# [EXERCISE]
Please return the lines below verbatim, beginning at the one that has "现将公司第一志愿参加复试考生" and stopping after the one that has "- L 110cm (43.3in)", and add no other lines.

# [DATASET]
—————

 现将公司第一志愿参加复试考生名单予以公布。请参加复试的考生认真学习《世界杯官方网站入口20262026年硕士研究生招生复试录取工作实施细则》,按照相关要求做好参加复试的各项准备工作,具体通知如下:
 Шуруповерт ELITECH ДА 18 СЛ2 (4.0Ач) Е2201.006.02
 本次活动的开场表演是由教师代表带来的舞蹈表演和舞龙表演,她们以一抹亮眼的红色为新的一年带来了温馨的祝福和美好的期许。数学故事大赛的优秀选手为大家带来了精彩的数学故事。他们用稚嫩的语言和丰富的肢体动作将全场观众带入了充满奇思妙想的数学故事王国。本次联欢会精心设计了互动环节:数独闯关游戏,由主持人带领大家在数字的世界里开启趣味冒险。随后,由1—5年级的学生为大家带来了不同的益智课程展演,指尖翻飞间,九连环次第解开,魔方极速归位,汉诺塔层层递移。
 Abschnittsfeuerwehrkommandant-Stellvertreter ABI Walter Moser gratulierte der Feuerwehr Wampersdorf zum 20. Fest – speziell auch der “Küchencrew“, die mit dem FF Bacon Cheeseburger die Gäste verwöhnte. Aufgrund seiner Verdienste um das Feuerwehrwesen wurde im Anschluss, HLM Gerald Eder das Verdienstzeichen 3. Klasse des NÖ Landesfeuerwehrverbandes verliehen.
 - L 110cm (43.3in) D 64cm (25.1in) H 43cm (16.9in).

—————

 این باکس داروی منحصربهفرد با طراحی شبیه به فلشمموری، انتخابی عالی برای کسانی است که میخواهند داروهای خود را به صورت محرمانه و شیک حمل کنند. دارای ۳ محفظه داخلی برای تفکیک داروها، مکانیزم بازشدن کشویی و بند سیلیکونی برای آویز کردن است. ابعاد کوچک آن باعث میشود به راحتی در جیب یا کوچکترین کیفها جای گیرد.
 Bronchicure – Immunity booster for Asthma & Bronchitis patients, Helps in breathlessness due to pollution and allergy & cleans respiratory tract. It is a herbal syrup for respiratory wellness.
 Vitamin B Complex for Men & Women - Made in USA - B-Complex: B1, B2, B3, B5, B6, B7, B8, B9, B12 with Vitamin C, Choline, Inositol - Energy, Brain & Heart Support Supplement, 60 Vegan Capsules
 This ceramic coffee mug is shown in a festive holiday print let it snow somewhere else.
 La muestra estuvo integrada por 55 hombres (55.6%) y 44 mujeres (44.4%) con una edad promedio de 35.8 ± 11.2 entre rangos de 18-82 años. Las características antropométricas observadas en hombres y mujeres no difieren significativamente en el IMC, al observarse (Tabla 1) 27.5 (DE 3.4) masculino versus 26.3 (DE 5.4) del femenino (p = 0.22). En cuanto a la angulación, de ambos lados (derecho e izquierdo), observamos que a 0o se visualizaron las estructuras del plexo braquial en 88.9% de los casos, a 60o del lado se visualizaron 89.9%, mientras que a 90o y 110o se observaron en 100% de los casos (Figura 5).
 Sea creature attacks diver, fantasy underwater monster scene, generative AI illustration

—————

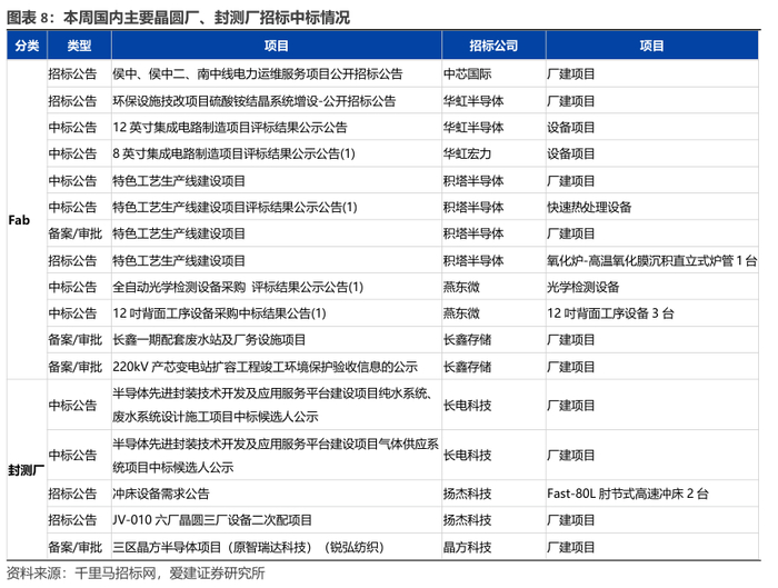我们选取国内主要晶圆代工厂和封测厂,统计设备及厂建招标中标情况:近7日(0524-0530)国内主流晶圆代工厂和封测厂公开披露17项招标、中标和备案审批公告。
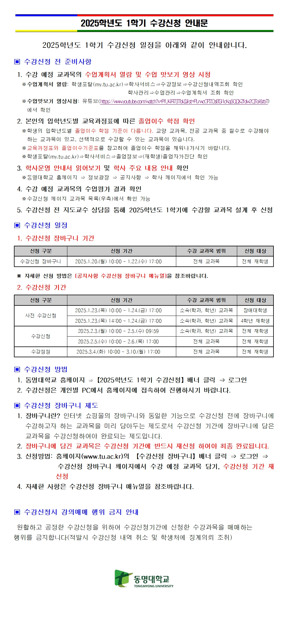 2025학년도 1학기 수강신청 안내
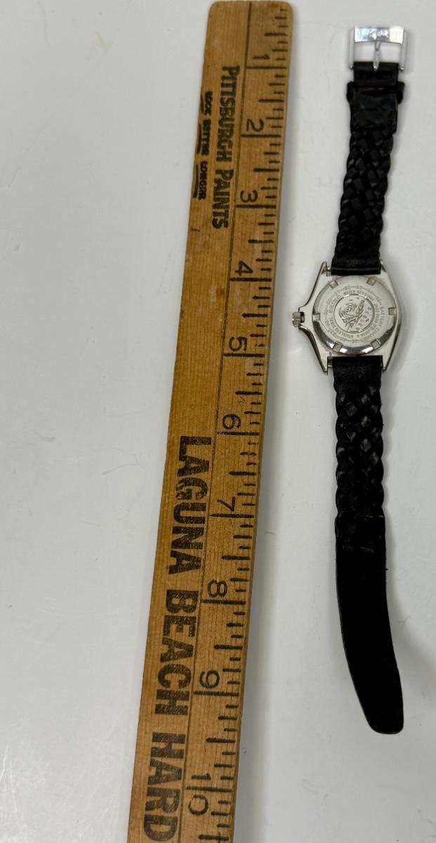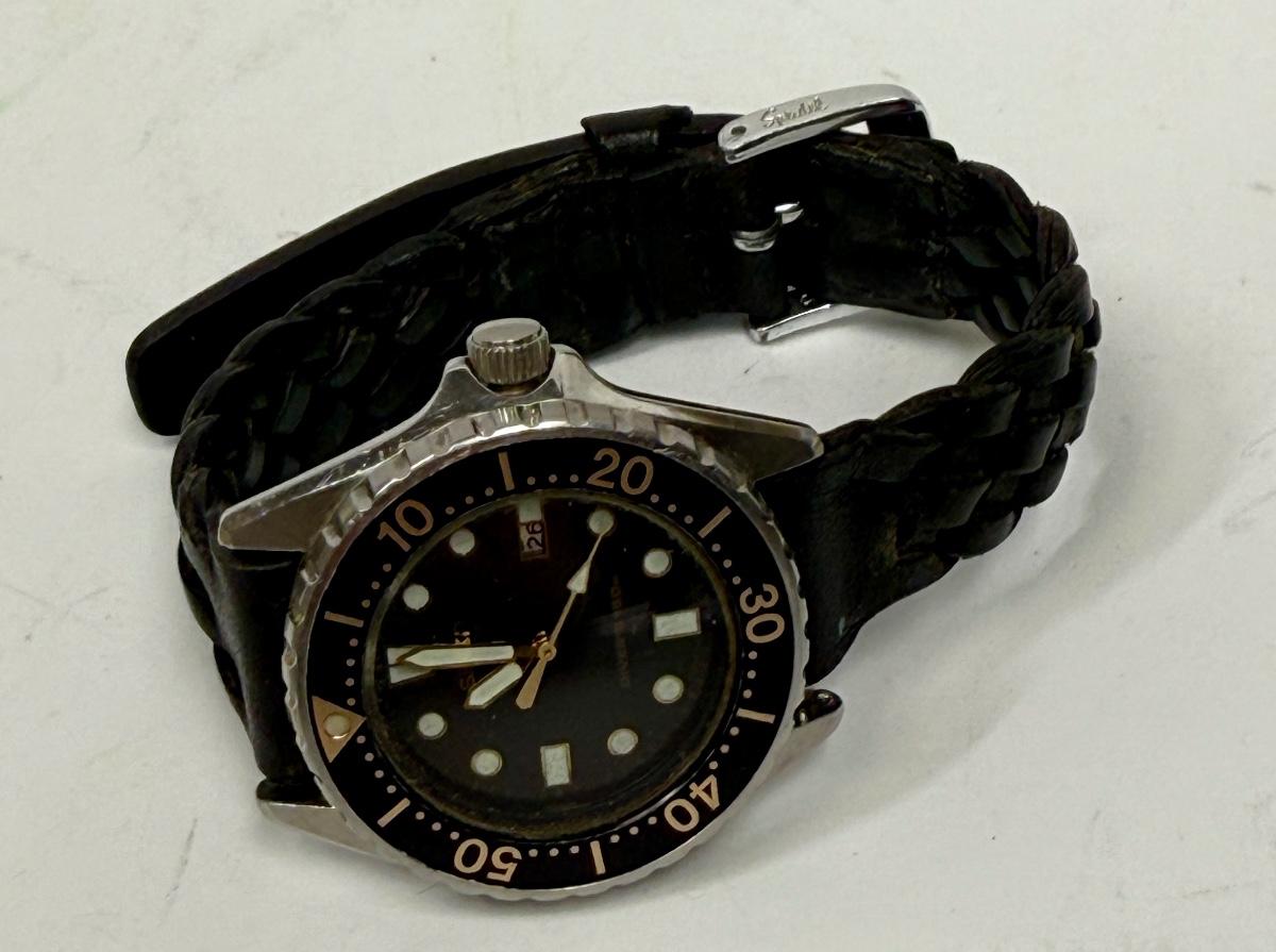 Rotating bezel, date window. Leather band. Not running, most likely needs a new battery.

—————

# [RESULT FOR THIS EXERCISE]
 现将公司第一志愿参加复试考生名单予以公布。请参加复试的考生认真学习《世界杯官方网站入口20262026年硕士研究生招生复试录取工作实施细则》,按照相关要求做好参加复试的各项准备工作,具体通知如下:
 Шуруповерт ELITECH ДА 18 СЛ2 (4.0Ач) Е2201.006.02
 本次活动的开场表演是由教师代表带来的舞蹈表演和舞龙表演,她们以一抹亮眼的红色为新的一年带来了温馨的祝福和美好的期许。数学故事大赛的优秀选手为大家带来了精彩的数学故事。他们用稚嫩的语言和丰富的肢体动作将全场观众带入了充满奇思妙想的数学故事王国。本次联欢会精心设计了互动环节:数独闯关游戏,由主持人带领大家在数字的世界里开启趣味冒险。随后,由1—5年级的学生为大家带来了不同的益智课程展演,指尖翻飞间,九连环次第解开,魔方极速归位,汉诺塔层层递移。
 Abschnittsfeuerwehrkommandant-Stellvertreter ABI Walter Moser gratulierte der Feuerwehr Wampersdorf zum 20. Fest – speziell auch der “Küchencrew“, die mit dem FF Bacon Cheeseburger die Gäste verwöhnte. Aufgrund seiner Verdienste um das Feuerwehrwesen wurde im Anschluss, HLM Gerald Eder das Verdienstzeichen 3. Klasse des NÖ Landesfeuerwehrverbandes verliehen.
 - L 110cm (43.3in) D 64cm (25.1in) H 43cm (16.9in).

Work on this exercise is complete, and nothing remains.